• _Recorded data_
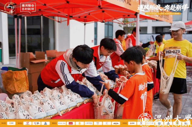 活动的温暖不仅在于奔跑本身,更在于无微不至的后勤保障。完赛后,同学们领取了颇具纪念意义的完赛证书。现场更设有丰富的物资补给站,水果、点心、饮料等应有尽有,同学们还惊喜地领取到了当地特色的花雕酒、大米和平阳粉干,实实在在地“满载而归”。
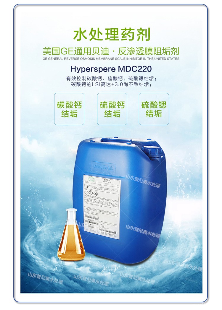 MDC220是一种高效液体阻垢剂,用于控制膜分离系统中的结垢沉积物,减少微粒阻塞。应用该产品可以延长运转周期和设备使用寿命,从而降低操作和投资费用。该产品已广泛应用于反渗透及纳滤装置中。
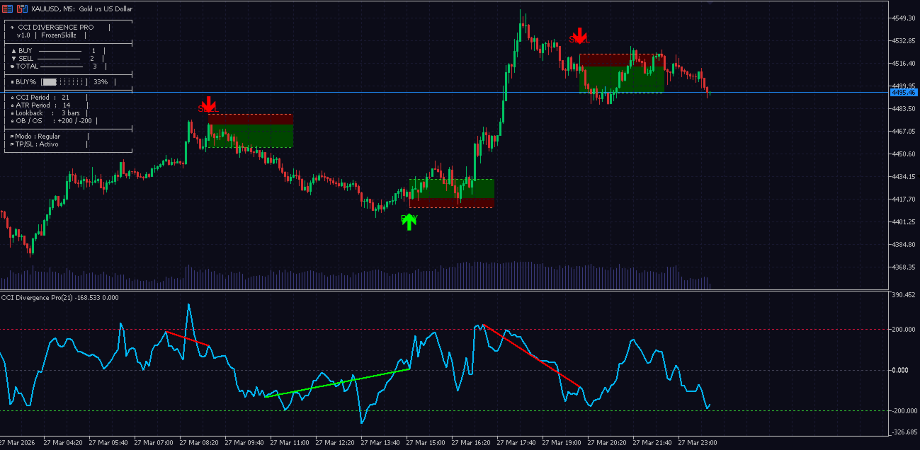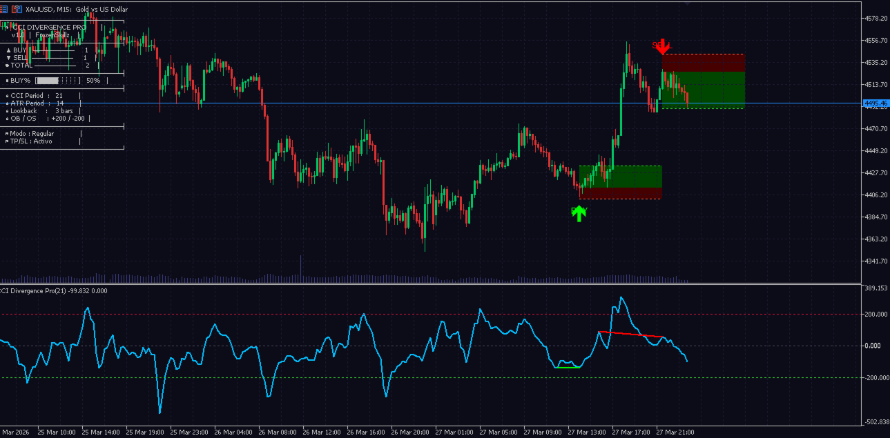 🥇 Why XAUUSD? Gold is volatile, impulsive, and consistently overextended—ideal conditions for CCI divergences to provide high-quality entry points. Moves of 200, 300, and even 500 pips in gold are frequently preceded by clear CCI divergences that are slow to be detected by the human eye. This indicator detects them automatically, bar by bar.

• _To do_
Reproduce verbatim the opening line of the material and every line after it, up to and including the line with "MDC220是一种高效液体阻", but no pictures.

• _Response to this task_
 活动的温暖不仅在于奔跑本身,更在于无微不至的后勤保障。完赛后,同学们领取了颇具纪念意义的完赛证书。现场更设有丰富的物资补给站,水果、点心、饮料等应有尽有,同学们还惊喜地领取到了当地特色的花雕酒、大米和平阳粉干,实实在在地“满载而归”。
 MDC220是一种高效液体阻垢剂,用于控制膜分离系统中的结垢沉积物,减少微粒阻塞。应用该产品可以延长运转周期和设备使用寿命,从而降低操作和投资费用。该产品已广泛应用于反渗透及纳滤装置中。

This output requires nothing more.